Mit dieser exklusiven Theologie bildet das frühe Christentum mit dem Judentum eine Ausnahme in der religiösen Welt der Antike. Für einen antiken Menschen ist es vollkommen unproblematisch, zu verschiedenen Anlässen unterschiedliche Götter zu verehren bzw. anzurufen – als Bürger einer Polis anlässlich des Festes die lokalen Hauptgottheit, als Mitglied eines Vereins beim jährlichen Vereinsfest die entsprechende Schutzgottheit oder bei privaten Höhepunkten wie Hochzeit oder Geburt die jeweils „zuständigen“ Götter. Man hat zwar persönliche Präferenzen, aber das bedeutet nicht, anderen Göttern ihre Macht oder gar ihre Existenz abzusprechen.
Lokale Gottheiten
Der theologische Exklusivanspruch des einen wahren Gottes ist wohl auch die tiefere Ursache dafür, dass kaum einer der vielen Götter der Welt des Imperium Romanum in den Texten des Neuen Testaments mit Namen genannt wird.

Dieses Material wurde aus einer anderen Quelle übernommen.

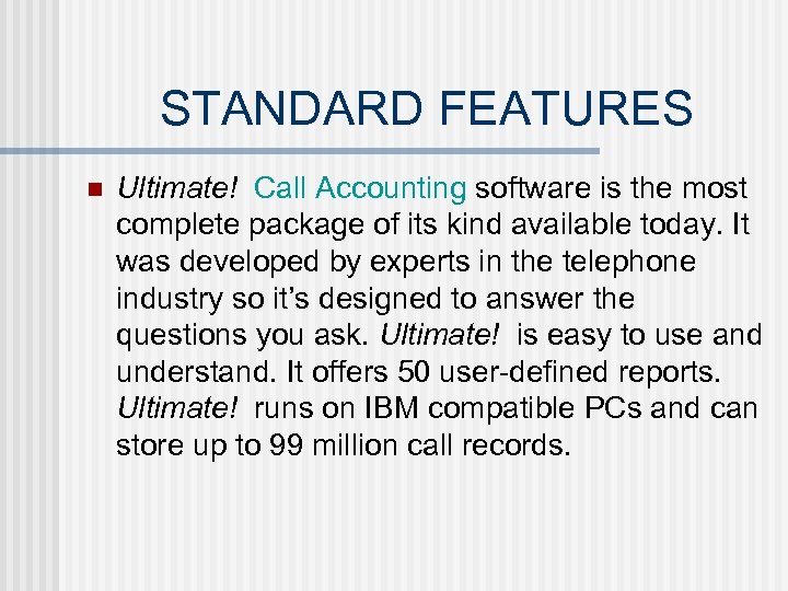 STANDARD FEATURES n Ultimate! Call Accounting software is the most complete package of its kind available today. It was developed by experts in the telephone industry so it’s designed to answer the questions you ask. Ultimate! is easy to use and understand. It offers 50 user-defined reports. Ultimate! runs on IBM compatible PCs and can store up to 99 million call records.

Eine der Ausnahmen bildet die in Apg 14,8-18 erzählte Episode, in der Barnabas und Paulus von den Einwohnern der lykaonischen Stadt Lystra als Zeus und Hermes verehrt werden. In diesem Zusammenhang ist dann auch von einem „Zeus vor der Stadt“ (V. 13) die Rede. Außerdem notiert Lukas am Rande, dass in Lystra Lykaonisch gesprochen worden sei (V. 11). Kombiniert man beide Angaben miteinander, scheint die Annahme plausibel, dass der von der Stadt verehrte Gott ursprünglich eine lykaonische Lokalgottheit war, die erst im Zuge der Hellenisierung Lystras mit Zeus identifiziert worden ist.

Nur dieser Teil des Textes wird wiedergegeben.